На стенах же, потрескавшихся, покрытых желтоватым налетом она различает остатки тех рисунков, какие обычно делают для детей в помещениях яслей и детских садов. Утки и мыши, играющие в мяч, лягушки с теннисными ракетками, коровы под зонтами, прячущиеся от невидимого дождя, кролики, задумавшиеся над шахматами, все приобретшие от времени странные цвета, лишившиеся конечностей, глаз, ушей вместе с обвалившейся штукатуркой, превратившиеся в странных мрачных существ, опасных и холодных, изобретательных и терпеливых.
Гигантская фигура заполняет сей зал. Ноги, выбритые совсем недавно, прижаты к стенам широкими полосами ржавого металла и блестящей чистой стали, аккуратно подстриженные ногти покрыты красным лаком, только-только впустившим в себя первые трещины. Мускулистые, гладкие, чуть загорелые, они красивы до тех пор, пока она не обращает взор к месту сочетания их, где, раскрытое стальными распорками, блаженствует сказочное влагалище. Его розовые глубины, матово поблескивающие от смазки, сладким ароматом наполняющей воздух, освещены прожекторами, укрепленными на стенах, стоящими на полу, протянувшими свои толстые черные кабели к едва слышно гудящим машинам возле входа. Состоящие из решетчатых стальных коробок, где бродят недовольными бонаконами зеленые искры, стальных цилиндров с зелеными иероглифами на них и темных сосудов, в которых вращались, покусывая друг друга, черные существа, помимо плавников имевшие и руки и щупальца, они настораживали и пугали ее не меньше, чем феникса дождь.
Она вспомнила, тот школьный урок, когда перед каждым из учеников поставили странный аппарат, состоящий из двух снабженных щетками колес и, крутясь, напрягая воздух и саму реальность вокруг себя, они дарили искристую, молниеносную связь двум сияющим электродам. Одетая в белую блузу и черную юбку, от которой широкие полосы поднимались к плечам, скрывшая брови под ровной челкой, она зачарованно смотрела на то, как, ускоряясь, диски сливались в мутное мерцание и, сперва нехотя, а затем со все возрастающей страстью разряды хлестали воздух, издававший от того жалобный треск.

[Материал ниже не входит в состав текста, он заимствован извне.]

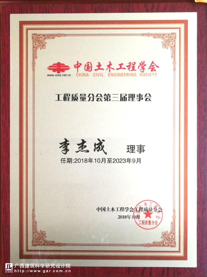 2018年10月16日,中國(guó)土木工程學(xué)會(huì)工程質(zhì)量分會(huì)在福州舉行了第三屆理事會(huì)換屆會(huì)議。我院副院長(zhǎng)、廣西工程勘察設(shè)計(jì)大師、李杰成教授級(jí)高工當(dāng)選為中國(guó)土木工程學(xué)會(huì)工程質(zhì)量分會(huì)第三屆理事會(huì)理事。

Электричество всегда возбуждало ее. В чистом его виде, сильное и безжалостное, далекое от сложных электрических схем и хитроумных электронных устройств, оно казалось ей прекрасным и удивительным, истинным чудом, достойным поэзии таинственным волшебством, ничтожным проявлением некоего могущественного космического существа, перед которым только и достойно было преклоняться. Каждый раз, когда разряд вспыхивал в воздухе, ее влагалище вторило ему и тогда, за старой, исписанной непристойностями партой, глядя на кружащиеся колеса неподвижным взором, она впервые испытала оргазм.
Заинтересовавшись теми машинами, она совершает шаг вперед, но мужчина, стоящий за длинным и широким, ярко освещенным стальным столом, оборачивается к ней и она видит в его зеленых, окруженных глубокими морщинами глазах ту злобу, с которой вороны выклевывают глаза у своих мертвых сородичей. Перед ним разложены странные инструменты, многие из которых к тем же присоединены проводам. Совращающие блики, соблазняющие вспышки, порочные искры скользят по хирургической стали и еще сильнее напрягаются от того пружины и еще больше мечтают о прикосновении латексных перчаток тонкие ручки.
- Обувь! - прорычав, он вернулся к своим инструментам, проводя по ним пальцами, сощурившись в размышляющем, задумчивом выборе. Осмотревшись, она обнаружила возле стены высокую полку, на которой имелось все: от тапочек из белого искусственного меха до туфель на прозрачной платформе, в которой таились крысиные черные скелеты и сапог из черной кожи на высоком стальном каблуке. Выбрав белые открытые туфли на платформе, очень похожие на имевшиеся у нее, она, присев, застегнула их и вновь направилась к мужчине, чувствуя одно только любопытство, вопреки обыкновению лишенное какого бы то ни было страха. Слишком занятый своим неведомым делом он едва ли мог чем-либо угрожать ей, тем более, что она была в больнице и стоило ей закричать, как санитары, медсестры и врачи немедленно явились бы к ней на помощь. Приблизившись к мужчине, она удостоилась еще одного быстрого взгляда и смогла заметить алые неровные пятна вокруг его глаз и черную тушь на ресницах. Светлые волосы, грязные и непричесанные, торчали так, как было угодно великим богам анестезии, татуировка совокупляющихся дельфинов резвилась на левой руке, касаясь хвостами локтя.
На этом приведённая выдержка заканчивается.